Não há amor maior nesse mundo. Nenhum livro de nenhum poeta, seja em sonetos ou rimas pobres, dá conta de expressar o amor que o canalha nutre pela farsa. Tampouco Shakespeare, dito o maior escritor que habitou nesse planeta. Digna exceção a Nelson Rodrigues que bem tratou do canalha em sua obra: “O canalha é uma figura tão rica, complexa, irisada, que exige mais do que uma, duas, ou trinta crônicas”.
Muitos atribuem ao canalha a fama de sedutor, não desses que flerta usando o corpo bem malhado, o peitoral delineado e depilado, cuja oferta é por quilo nos espaços de levantar peso. Contudo, o verdadeiro canalha sabe usar as palavras a seu favor, tendo ele um corpo escultural ou não. Há por aí relatos recheados de detalhes sórdidos de homens e mulheres que já caíram no encanto do verbo sedicioso do canalha.
Sim, o amor. O canalha nutre um amor imensurável pela farsa. Ninguém, nem mesmo a mais linda mulher do planeta tem poder para arrancar a farsa da vida do canalha. Ele carrega a farsa por aí, de casa para o trabalho, do trabalho para o boteco, do boteco de volta ao lar. Também carrega a farsa para dentro da casa da sogra e leva para passear no parque. Há quem diga que já viu os dois de mãos dadas e até mesmo em um fervoroso e demorado beijo apaixonado.
O laço de amor entre a farsa e o canalha atravessa gerações. Dizem, mas também não há provas, de que teria sido o canalha que orientou a serpente a seduzir Adão e Eva para que comessem do fruto proibido da Árvore da Vida. O diabo nega e diz que jamais faria aliança com o canalha. Todos os povos da face da Terra registram incontáveis histórias do canalha enfeitiçado pela farsa. Ou seria o canalha que enfeitiça a farsa?
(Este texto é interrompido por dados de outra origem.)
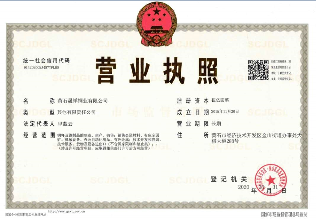 黃石晟祥銅業(yè)有限公司系大冶有色金屬集團(tuán)控股有限公司絕對(duì)控股、黃石市經(jīng)濟(jì)技術(shù)開(kāi)發(fā)區(qū)所屬?lài)?guó)資公司參股的國(guó)有全資企業(yè),公司成立于2015年,注冊(cè)資本金5億元。公司采用世界一流的美國(guó)南線(xiàn)公司( Southwire Company)SCR7000連鑄連軋生產(chǎn)線(xiàn)和意大利桑浦公司雙頭銅大拉絲生產(chǎn)線(xiàn),主要產(chǎn)品為Φ8mm低氧光亮銅桿和Φ2.6mm電工圓銅線(xiàn),年產(chǎn)能力Φ8mm銅桿30萬(wàn)噸/年、Φ2.6mm銅線(xiàn)4萬(wàn)噸/年,達(dá)產(chǎn)后年?duì)I業(yè)收入過(guò)百億元、利稅過(guò)5000萬(wàn)元,是湖北省打造千億元有色金屬產(chǎn)業(yè),黃石市“生態(tài)立市、產(chǎn)業(yè)強(qiáng)市、建成鄂東特大城市”,大冶有色金屬集團(tuán)控股有限公司延伸銅產(chǎn)業(yè)鏈和推進(jìn)千億元企業(yè)升級(jí)版的重點(diǎn)項(xiàng)目之一。公司位于******開(kāi)發(fā)區(qū)——湖北黃石經(jīng)濟(jì)技術(shù)開(kāi)發(fā)區(qū)工業(yè)園內(nèi),占地208畝,環(huán)境優(yōu)美,交通便捷。2017年至2019年、2021年榮獲 “湖北企業(yè)100強(qiáng)”稱(chēng)號(hào)。

O canalha é trapaceiro, alimenta o engano com mentiras, amanhece criando fábulas e anoitece imaginando o resultado do amor com a farsa que vai lhe proporcionar o prazer de ver a canalhice germinando por aí. O canalha não escolhe profissão. Pode ser palhaço, empresário, juiz, médico, jornalista, pedreiro ou até ilusionista. Aliás, o canalha usa o exercício da profissão (lícita ou ilícita) para construir um lar para a farsa.
A farsa pode ser um flerte fatal, um conto do bilhete premiado, um caixa 2 para lavar dinheiro e até uma oferta de emprego inacreditável, que no final das contas é uma corrente de trabalho escravo. Enfim, tem canalha solto por aí, a procura da farsa perfeita. E é tudo verdade, atestado em cartório, registrado em duas vias, com reconhecimento de firma e relato de testemunhas.